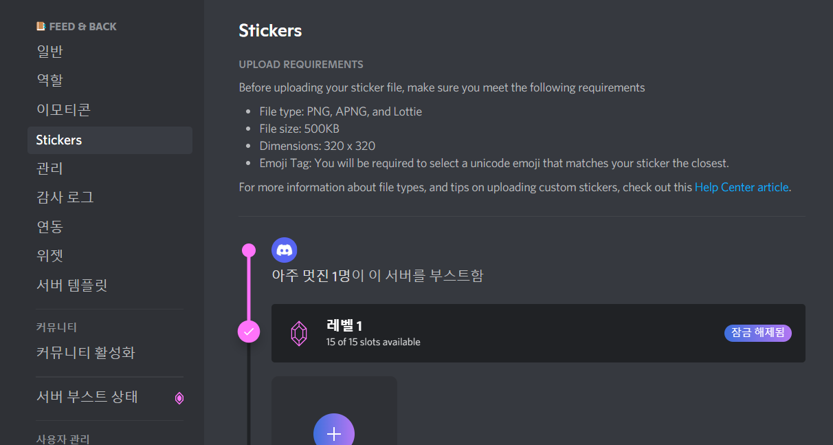 커스텀 스티커는 서버 부스트가 1레벨 이상이어야 할 수 있어요.
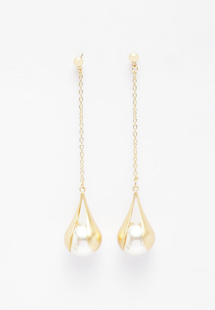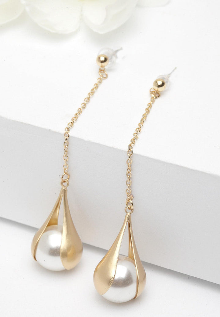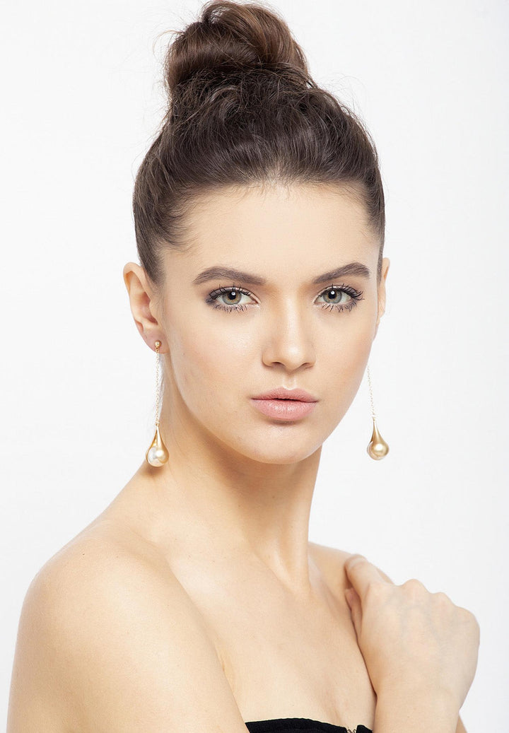 Combina estos aretes chapados en oro con hilos y perlas con tu atuendo formal para el día. Es a la vez simple y sofisticado y perfectamente adecuado para la oficina.
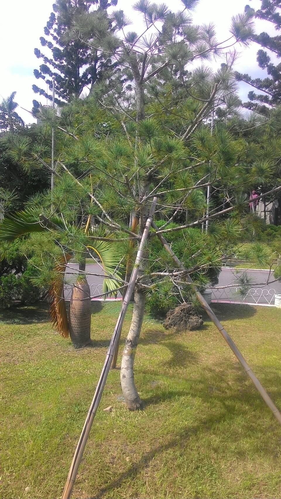 | 型態 | 大喬木。松樹的樹皮在樹齡約在 20 年後開始出現龜甲狀之裂紋,越老越明顯。常綠大喬木,高達 30 公尺,胸徑 1.2 公尺。 樹皮暗灰色,鱗狀開裂。 大枝近平展或微向上展,樹冠圓錐形。毬果卵狀橢圓形,長 10 公分,徑 4 公分;果鱗頂端向外彎曲;中部種鱗楔狀橢圓形,長 3~3.5 公分,寬 1.5~2 公分,鱗盾禾稈色,有光澤,扁菱形,中部較厚,邊緣較薄,先端較鈍而厚,上部邊緣銳利與鱗臍微向外彎;種子橢圓狀卵圓形或長卵圓形,長 0.8~1 公分,徑 0.5~0.6 公分,種翅淡褐色,長 1.5~2 公分,寬 0.5~0.8 公分。松樹類的毬果是松鼠囤積糧食的來源之一。 |
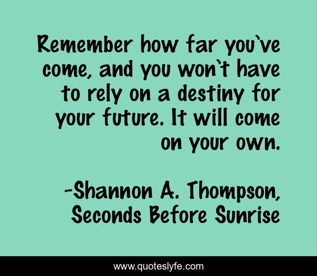 "Shannon A. Thompson, Seconds Before Sunrise Quotes." Quoteslyfe.com, 2025. Sun. 07 Dec. 2025. <https://www.quoteslyfe.com/quote/Remember-how-far-you-ve-come-and-32135>.
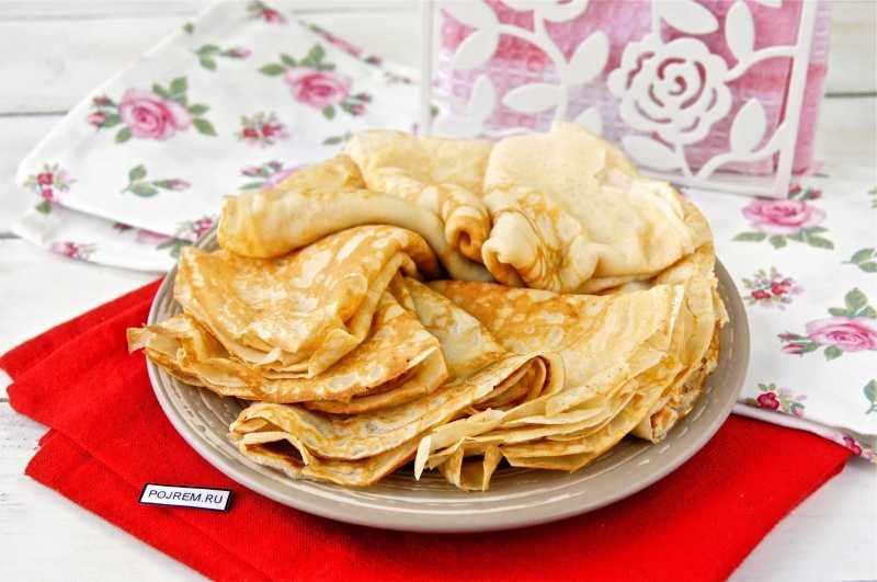 Тонкие блины — рецепт с фото на кислом молоке смотрите здесь.

# # # #

- [Task directions]:
Write every entry again exactly as given, skipping the pictures.

- [Solution below]:
 커스텀 스티커는 서버 부스트가 1레벨 이상이어야 할 수 있어요.
 Combina estos aretes chapados en oro con hilos y perlas con tu atuendo formal para el día. Es a la vez simple y sofisticado y perfectamente adecuado para la oficina.
 | 型態 | 大喬木。松樹的樹皮在樹齡約在 20 年後開始出現龜甲狀之裂紋,越老越明顯。常綠大喬木,高達 30 公尺,胸徑 1.2 公尺。 樹皮暗灰色,鱗狀開裂。 大枝近平展或微向上展,樹冠圓錐形。毬果卵狀橢圓形,長 10 公分,徑 4 公分;果鱗頂端向外彎曲;中部種鱗楔狀橢圓形,長 3~3.5 公分,寬 1.5~2 公分,鱗盾禾稈色,有光澤,扁菱形,中部較厚,邊緣較薄,先端較鈍而厚,上部邊緣銳利與鱗臍微向外彎;種子橢圓狀卵圓形或長卵圓形,長 0.8~1 公分,徑 0.5~0.6 公分,種翅淡褐色,長 1.5~2 公分,寬 0.5~0.8 公分。松樹類的毬果是松鼠囤積糧食的來源之一。 |
 "Shannon A. Thompson, Seconds Before Sunrise Quotes." Quoteslyfe.com, 2025. Sun. 07 Dec. 2025. <https://www.quoteslyfe.com/quote/Remember-how-far-you-ve-come-and-32135>.
 Тонкие блины — рецепт с фото на кислом молоке смотрите здесь.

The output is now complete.